Eight Tips For Writing With Emotional Stress

To the surprise of practically no one, I didn’t get any writing done yesterday. This morning I’ve been doom scrolling and am still quite upset. I hope that you are doing what you need to do to soothe yourself.

One thing I learned in the midst of the 52 week challenge was how to write under emotional stress. So I am going to list those lessons here in the hope that it helps me and perhaps others as well.

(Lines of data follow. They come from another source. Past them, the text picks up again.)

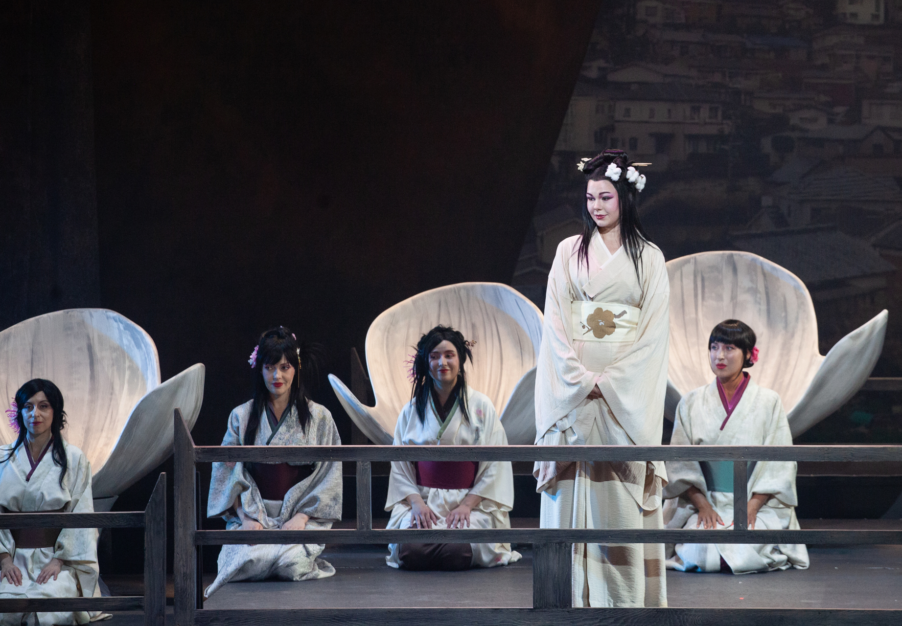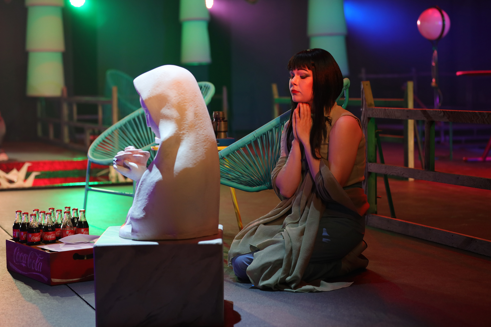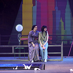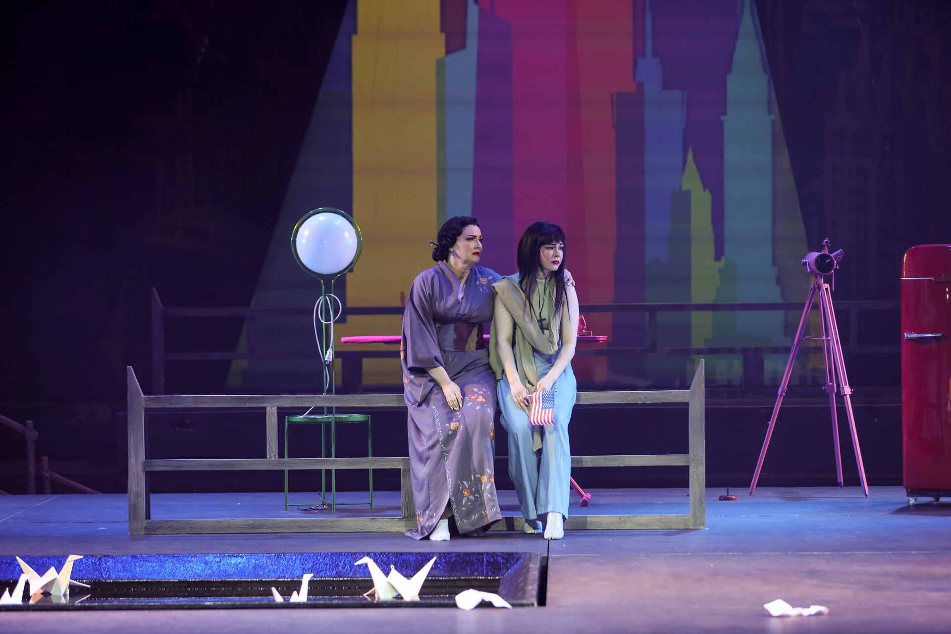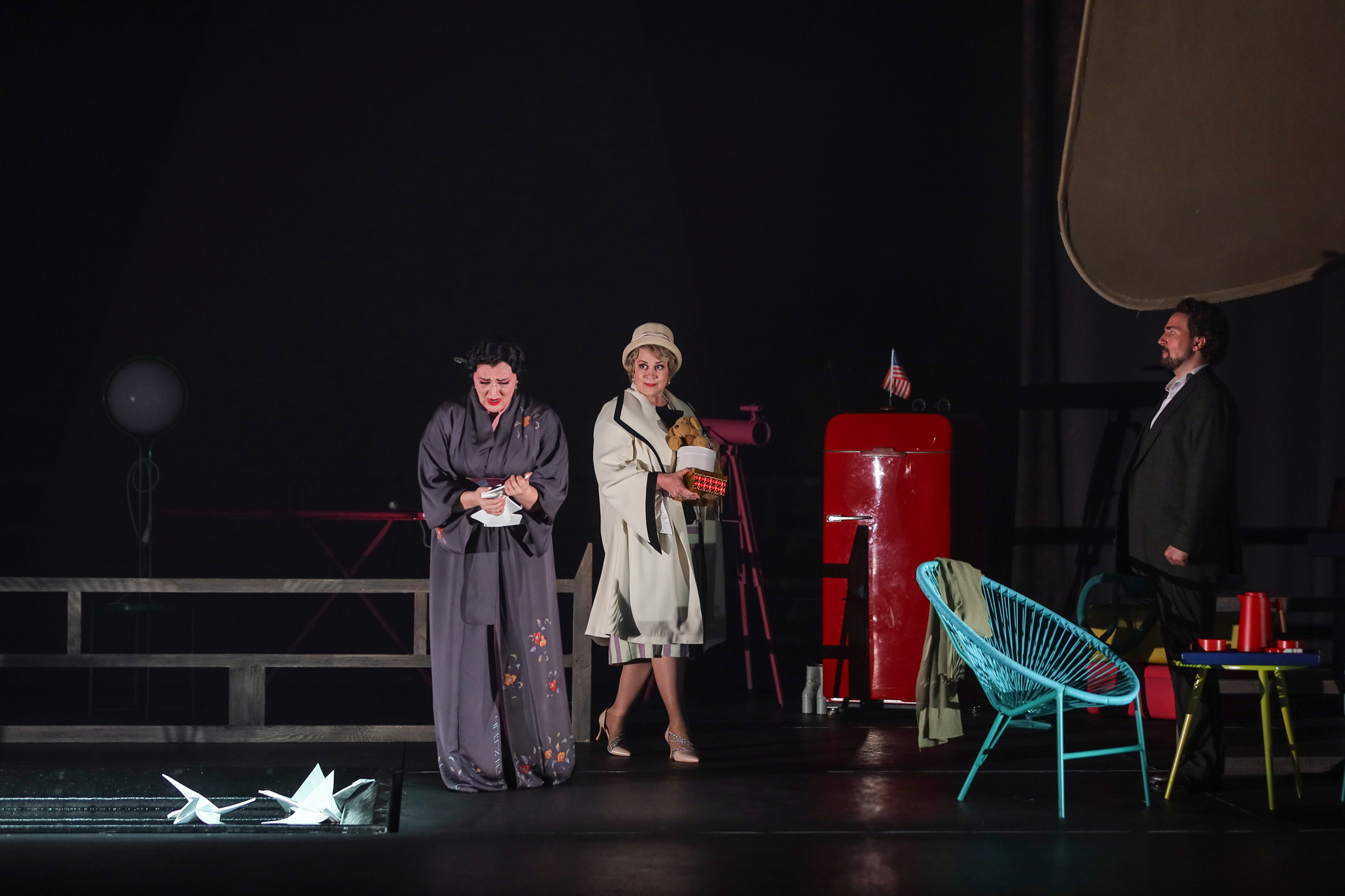 Претензию «Большому брату» выскажут даже в оформлении, набросав немало анилина во второй акт. К этому моменту героиня уже поменяла веру и манеры (вплоть до того, что американского консула теперь позволяет себе кружить в танце и даже невинно целовать), переоделась из кимоно в брюки и свитерок, а сверх того набила свой хрупкий домишко благами европейской цивилизации. Чтобы публика чего случайно не проглядела, гладильную доску с утюгом, электрочайник и холодильник выкрасили в ярко-красный. Из последнего доставали все, что угодно – сигареты, кинжал, каким закололся отец Баттерфляй, том, объемистостью похожий на Библию, – но не еду. У кого, может, и сердце защемит: голодает бедняжка. Однако на переднем крае – уполовиненная коробка с бутылками кока-колы, которой самое место в холодильнике. Но она не там. Наивная японка, похоже, так и не догадалась, для чего держат в доме этот чудо-агрегат. Главное – такие есть в Америке, ставшей для нее навязчивой мечтой. Про эту мечту вопиет здесь все, в том числе небоскребы, нарисованные в духе комиксов на заднике и абрисно – на прозрачных крылышках, свисающих со штанкетов как образный символ спектакля. Только такие не у бабочек и не у мотыльков (как переводят имя героини), а у известной «особы» из басни Крылова, что все пела и плясала, пока зима не накатила. Художники Ростислав Протасов и Алла Шумейко так представляют себе героиню?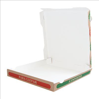 Boîtes à pizza en carton ondulé microcanal. 3 couches de papier 100% vierge. Couvercle à charnière. Avec la technologie THEPACK, les emballages deviennent plus résistants, plus légers et permettent de maintenir la température interne plus longtemps. L'ondulation à microcanaux confère une plus grande rigidité aux contenants et réduit la quantité de papier utilisée dans leur fabrication. Tous les produits THEPACK sont résistants à la graisse et à l'humidité.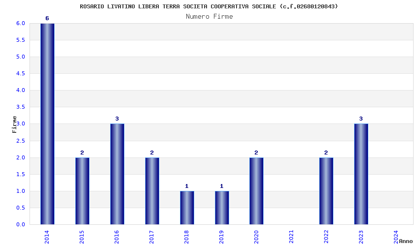 | Anno | Firme | Importi | Media | Naz. | Reg. | Prov. | Comu. |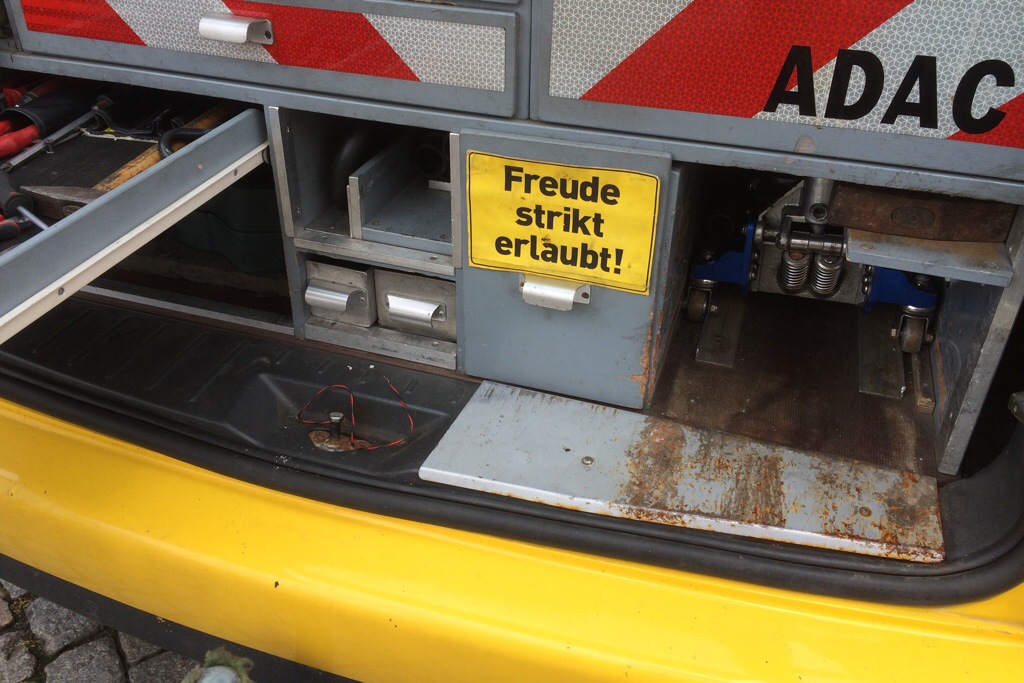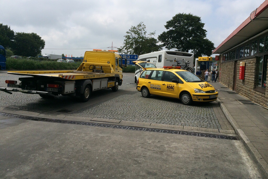 Die Jungs lassen sich gut eineinhalb Stunden Zeit. Und kommen gleich zu zweit. Einer, der den Reifen von hinten nach vorne wechselt, ein anderer mit einem Schlepper, der mich in die nächste Werkstatt schicken will.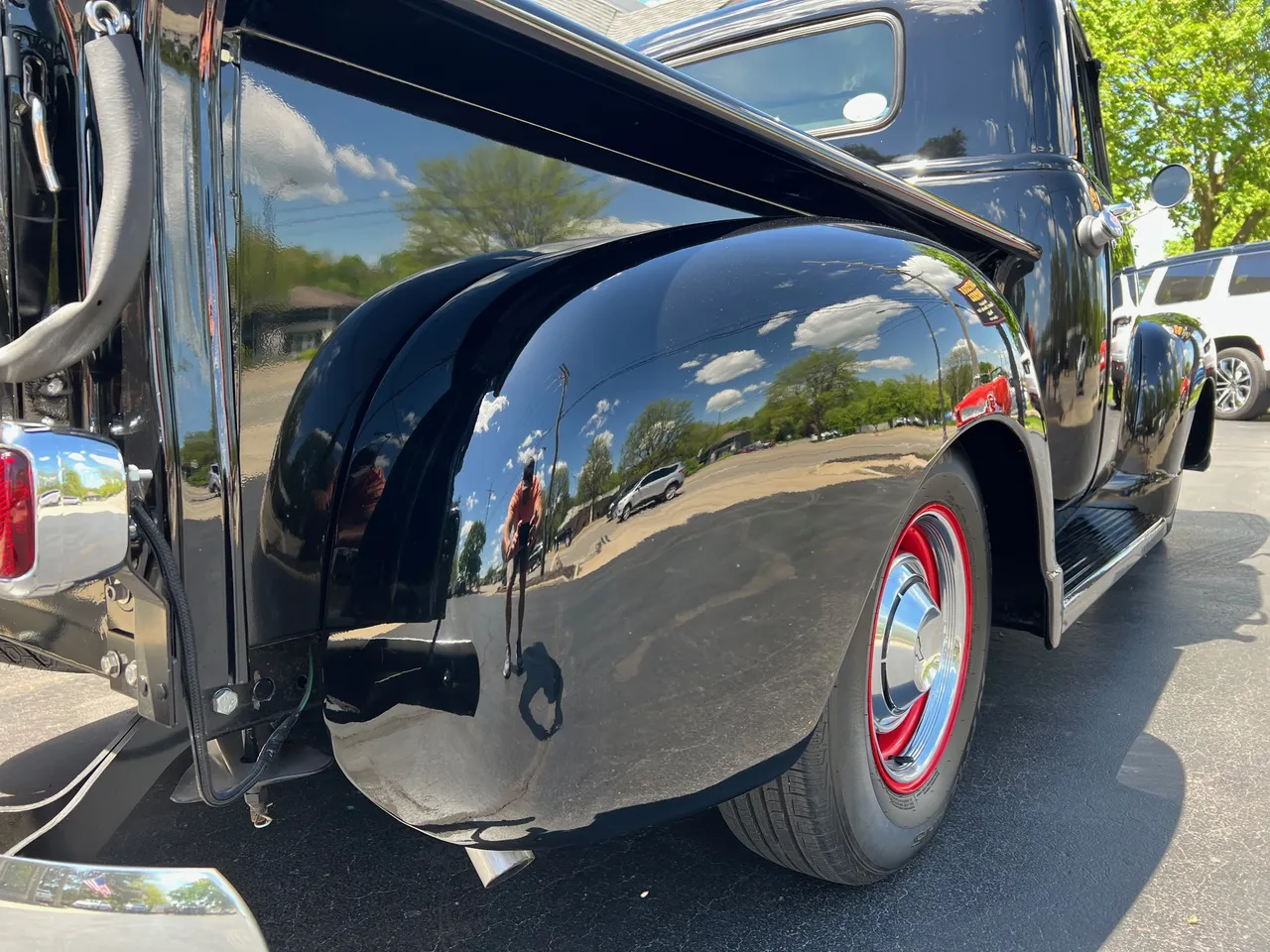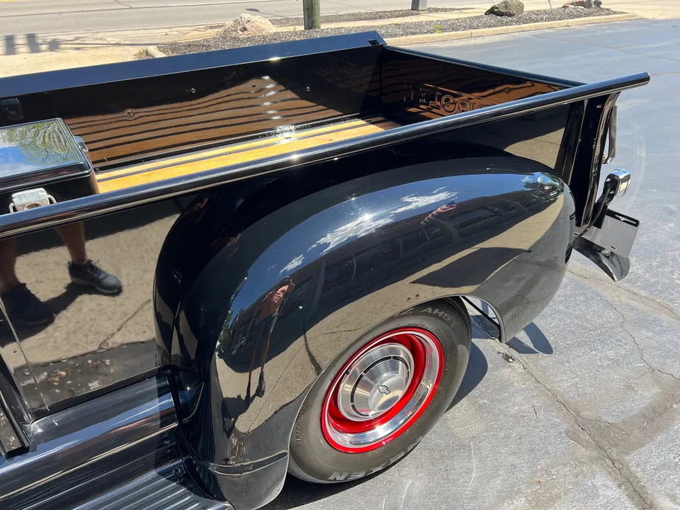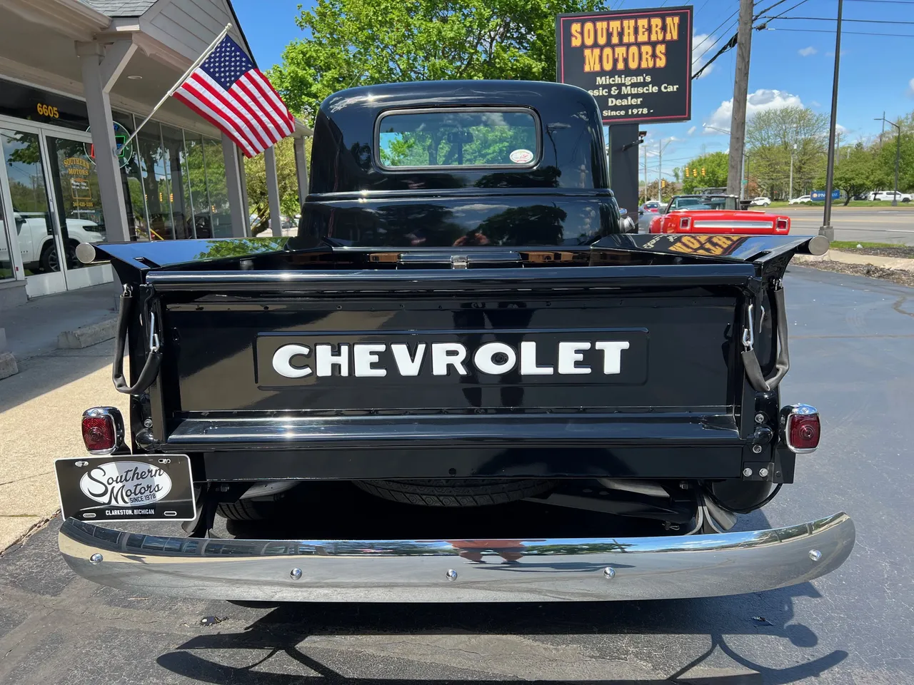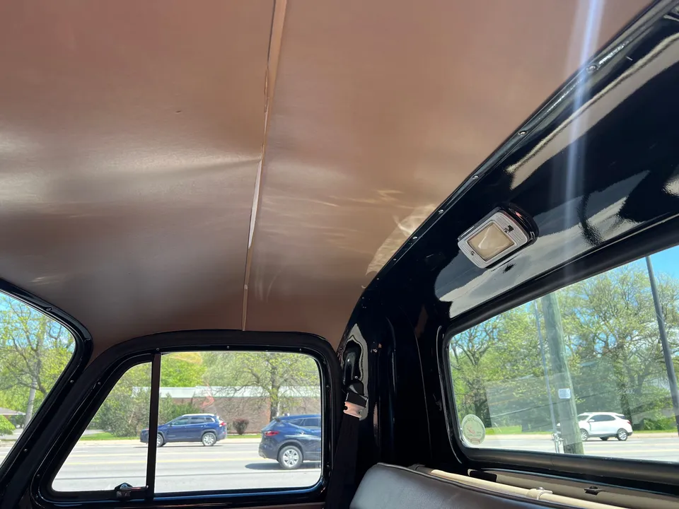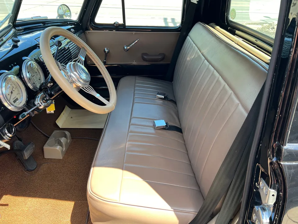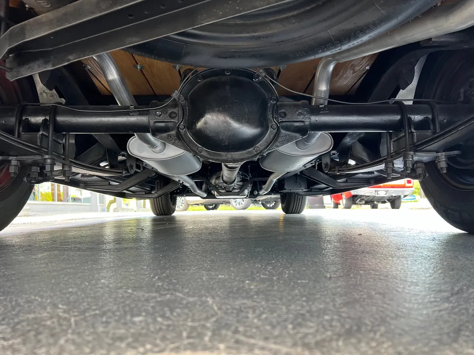1700 miles on Frame-Off Restored All Steel truck, beautiful Tuxedo black paint, Tan vinyl interior, 350 ci engine, 4 bbl, factory intake & exhaust manifolds, finned aluminum valve covers & air cleaner, HEI distributor, Fat Man Mustang II front suspension with power rack & pinion steering, front disc brakes, Vintage air conditioning, aluminum radiator with shroud, 700R4 automatic overdrive transmission, bench seat, Banjo steering wheel, Dolphin gauges, dual exhaust, GM 10 bolt rear end, wood bed, 215/75R15 tires, 15” Steel with caps & rings, electric wipers, dual mirrors, Ready to Cruise!

  1. Hot tea and comforting food. One of the problems with strong emotions like rage or grief is that they stimulate a physical response: faster heart rate, roiling stomach, ringing ears, red haze over the eyes, and so forth. Food, tea, and exercise can redirect the physical manifestations of emotional response.
  2. Exercise, for the reason above. Outdoor exercise seems especially good for me.
  3. Avoid letter-writing to real people. It is very tempting to me to write angry letters when I am upset. This is harmful in two ways: First, sending these letters is a bad idea and in the heat of the moment I am likely to send them. Second, it just keeps the negative emotions spiraling inside me.
  4. Force myself to sit down and write. A strategy that has worked for me in the past has been to take my temptation to write real letters to real people and filter that into fiction. So writing letters from the viewpoints of my characters about their challenges and lives often works to move me into the story and out of my own grief.
  5. Meditation. This sometimes works, but typically works best if I have an ordinary practice of meditation already in place.
  6. Short writing sessions. Write for ten minutes and then allow myself to take a break to feel grief or rage or to be sick, whatever is necessary. Then get back to it.
  7. Find help with calm friends and avoid those who make me feel worse.
  8. Low expectations. Today is not the day for immortal prose. It’s not the day for high word counts. It’s a survival day. We will come through this. In the end all I expect from today’s writing is that it happens. Because each time I write against the forces of entropy and chaos, each time I pull something together, that is a day that builds the habit of productivity in my psyche. I am not writing for today’s prose. I am writing because to become a writer I need to solidify this habit.

Those are my best tips for myself. I hope they resonate with you as well. If not, I hope you will find a way through this for yourself. Remember always that it is important to be kind to yourself. If you can’t do your ordinary tasks today, that’s ok.

I hope all of you are staying safe and finding comfort. Be well, friends!